-- Available data follows --
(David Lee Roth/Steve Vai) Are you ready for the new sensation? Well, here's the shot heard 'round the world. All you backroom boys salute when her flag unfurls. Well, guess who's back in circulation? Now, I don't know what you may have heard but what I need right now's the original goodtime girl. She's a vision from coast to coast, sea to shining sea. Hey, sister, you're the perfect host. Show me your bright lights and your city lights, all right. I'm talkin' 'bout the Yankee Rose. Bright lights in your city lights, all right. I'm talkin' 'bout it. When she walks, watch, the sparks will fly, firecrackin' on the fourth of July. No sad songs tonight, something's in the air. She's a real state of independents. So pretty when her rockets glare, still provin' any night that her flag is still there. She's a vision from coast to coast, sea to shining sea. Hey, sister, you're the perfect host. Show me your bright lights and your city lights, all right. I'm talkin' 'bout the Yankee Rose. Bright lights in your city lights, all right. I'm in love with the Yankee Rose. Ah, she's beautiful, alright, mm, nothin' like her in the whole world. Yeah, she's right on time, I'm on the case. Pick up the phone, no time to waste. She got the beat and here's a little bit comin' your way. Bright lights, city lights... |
-- Available data concluded --
-- Available data follows --
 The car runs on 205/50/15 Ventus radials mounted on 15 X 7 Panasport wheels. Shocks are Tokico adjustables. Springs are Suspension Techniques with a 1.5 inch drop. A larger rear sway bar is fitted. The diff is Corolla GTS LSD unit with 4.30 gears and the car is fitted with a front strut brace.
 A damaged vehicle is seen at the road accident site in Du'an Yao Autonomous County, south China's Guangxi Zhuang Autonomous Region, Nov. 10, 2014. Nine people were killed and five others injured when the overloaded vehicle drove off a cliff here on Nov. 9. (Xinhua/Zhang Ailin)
-- Available data concluded --
== Task prompt ==
Take the records above and return, word for word, only the lines that fall from the line with "The car runs" to the line with "A damaged vehicle", both of them included.

== Response area ==
 The car runs on 205/50/15 Ventus radials mounted on 15 X 7 Panasport wheels. Shocks are Tokico adjustables. Springs are Suspension Techniques with a 1.5 inch drop. A larger rear sway bar is fitted. The diff is Corolla GTS LSD unit with 4.30 gears and the car is fitted with a front strut brace.
 A damaged vehicle is seen at the road accident site in Du'an Yao Autonomous County, south China's Guangxi Zhuang Autonomous Region, Nov. 10, 2014. Nine people were killed and five others injured when the overloaded vehicle drove off a cliff here on Nov. 9. (Xinhua/Zhang Ailin)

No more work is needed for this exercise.